Assignment =
Copy exactly the lines of the data below, beginning with the line with "除了荣耀自研的UI Agen" and ending with the line with "(광고주 실무 담당자". Pictures are to be omitted.

Material supplied =
————

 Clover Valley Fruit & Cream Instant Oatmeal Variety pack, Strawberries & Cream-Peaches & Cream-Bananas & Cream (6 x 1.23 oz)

————

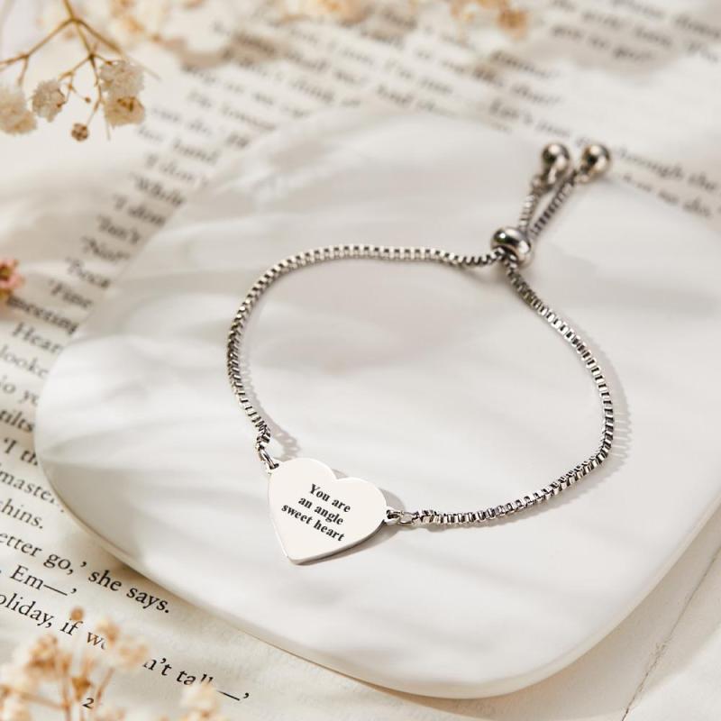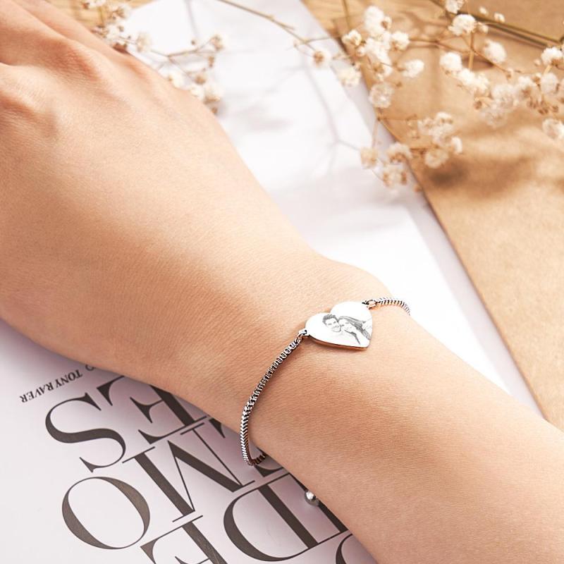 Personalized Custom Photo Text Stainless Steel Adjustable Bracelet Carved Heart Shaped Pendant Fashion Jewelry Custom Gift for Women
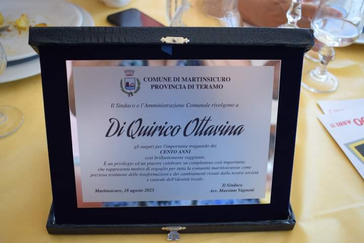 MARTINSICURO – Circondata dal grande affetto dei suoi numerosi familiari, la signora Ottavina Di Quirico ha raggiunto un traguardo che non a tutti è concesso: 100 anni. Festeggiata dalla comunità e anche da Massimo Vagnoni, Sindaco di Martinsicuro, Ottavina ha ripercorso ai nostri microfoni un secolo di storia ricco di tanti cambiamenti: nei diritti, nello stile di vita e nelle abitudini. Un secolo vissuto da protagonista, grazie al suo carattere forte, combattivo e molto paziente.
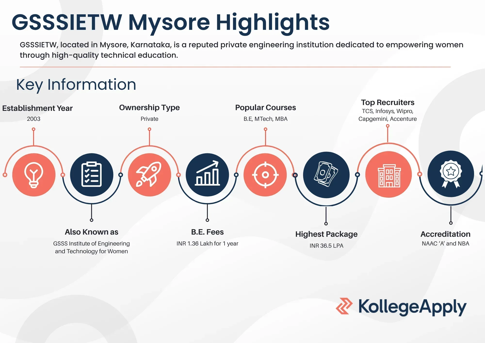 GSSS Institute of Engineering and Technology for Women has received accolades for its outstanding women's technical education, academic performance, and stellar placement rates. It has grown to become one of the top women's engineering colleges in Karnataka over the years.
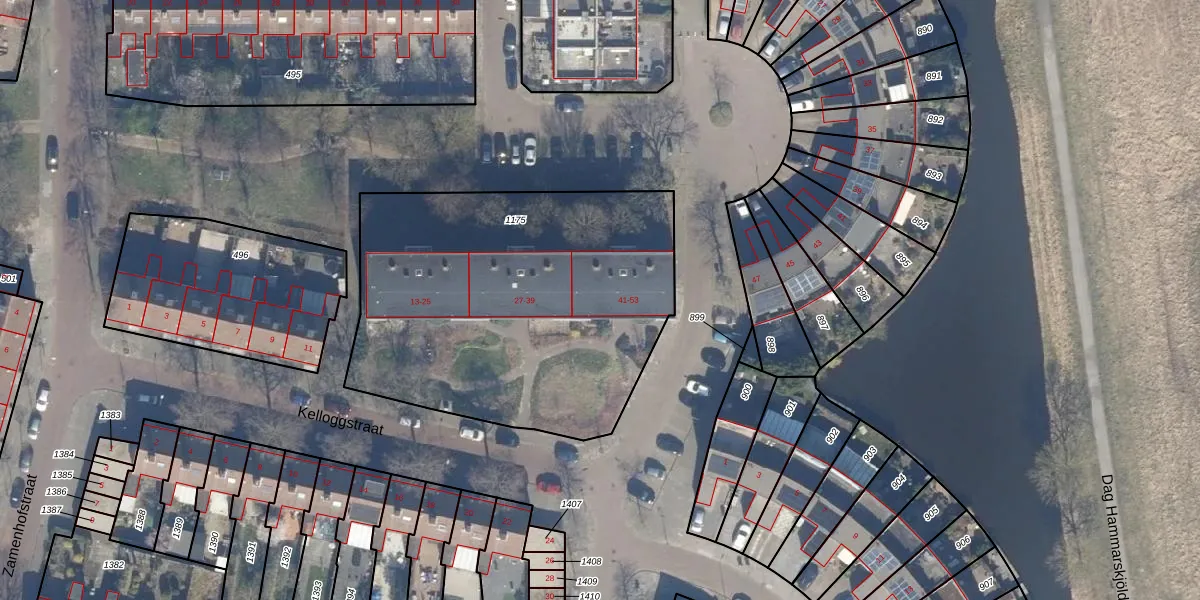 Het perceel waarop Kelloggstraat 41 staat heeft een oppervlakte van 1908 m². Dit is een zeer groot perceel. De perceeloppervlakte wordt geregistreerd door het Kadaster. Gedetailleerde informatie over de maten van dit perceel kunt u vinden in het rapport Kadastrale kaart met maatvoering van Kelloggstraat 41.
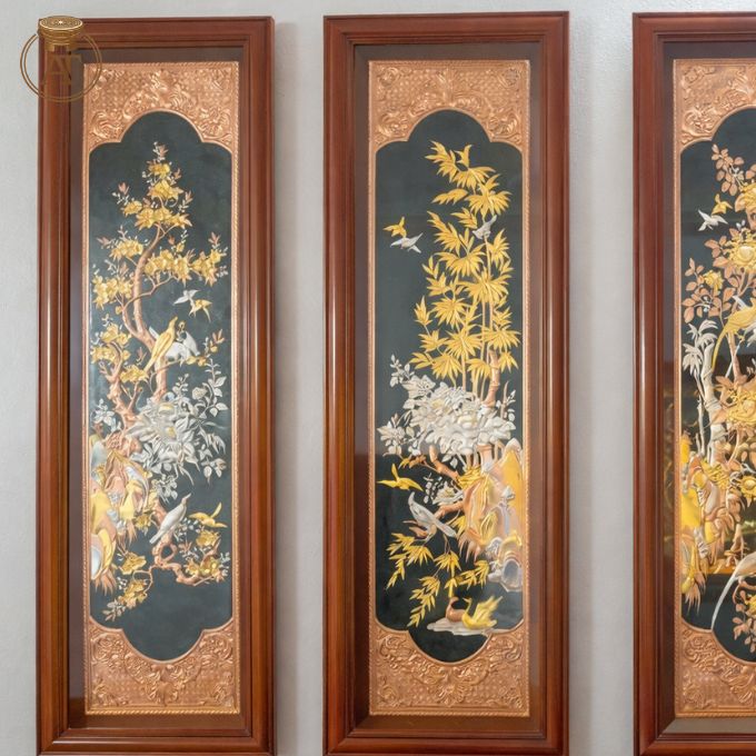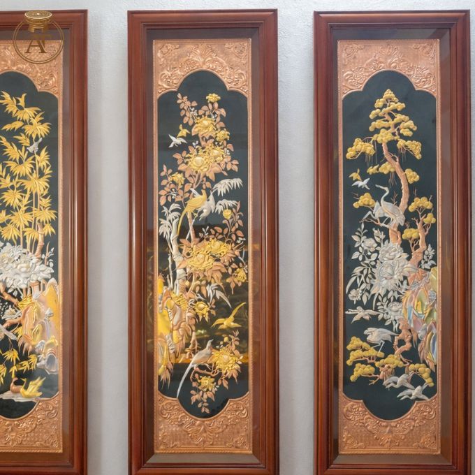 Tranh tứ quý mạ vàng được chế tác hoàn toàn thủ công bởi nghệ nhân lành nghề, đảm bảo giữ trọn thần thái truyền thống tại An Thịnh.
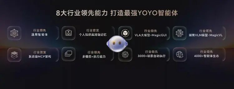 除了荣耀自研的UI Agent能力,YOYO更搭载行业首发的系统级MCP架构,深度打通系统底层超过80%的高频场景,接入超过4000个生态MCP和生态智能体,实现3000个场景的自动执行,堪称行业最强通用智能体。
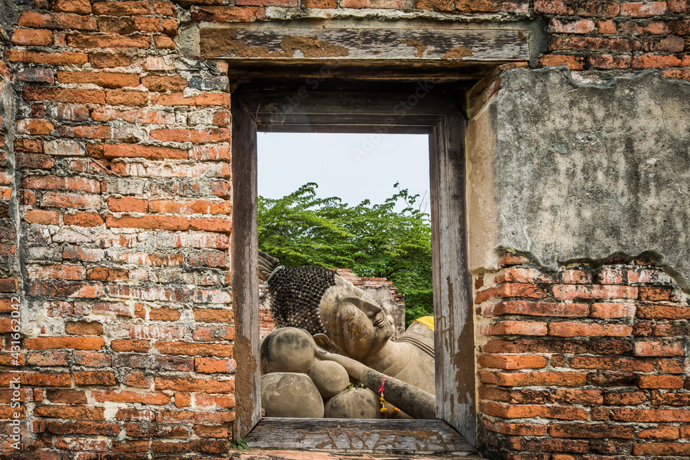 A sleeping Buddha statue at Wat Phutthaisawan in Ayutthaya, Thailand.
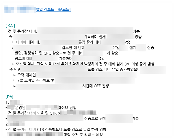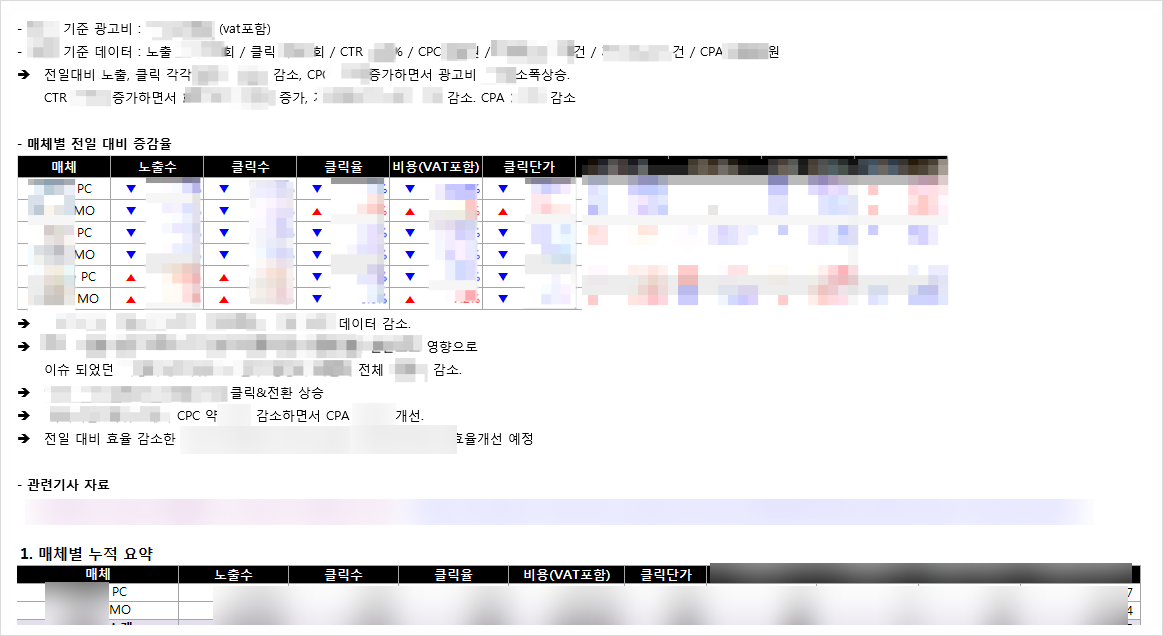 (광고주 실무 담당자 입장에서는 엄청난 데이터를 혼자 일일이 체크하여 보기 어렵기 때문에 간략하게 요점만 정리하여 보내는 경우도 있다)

————

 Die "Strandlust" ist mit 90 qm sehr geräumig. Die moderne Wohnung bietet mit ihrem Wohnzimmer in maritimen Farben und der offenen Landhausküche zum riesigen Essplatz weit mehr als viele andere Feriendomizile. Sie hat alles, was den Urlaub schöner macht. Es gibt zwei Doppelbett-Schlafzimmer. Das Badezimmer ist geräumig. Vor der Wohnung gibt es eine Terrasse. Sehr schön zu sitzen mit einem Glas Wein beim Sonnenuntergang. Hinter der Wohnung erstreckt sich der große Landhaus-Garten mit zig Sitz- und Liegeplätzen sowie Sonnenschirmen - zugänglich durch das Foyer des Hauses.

————

Answer section =
 除了荣耀自研的UI Agent能力,YOYO更搭载行业首发的系统级MCP架构,深度打通系统底层超过80%的高频场景,接入超过4000个生态MCP和生态智能体,实现3000个场景的自动执行,堪称行业最强通用智能体。
 A sleeping Buddha statue at Wat Phutthaisawan in Ayutthaya, Thailand.
 (광고주 실무 담당자 입장에서는 엄청난 데이터를 혼자 일일이 체크하여 보기 어렵기 때문에 간략하게 요점만 정리하여 보내는 경우도 있다)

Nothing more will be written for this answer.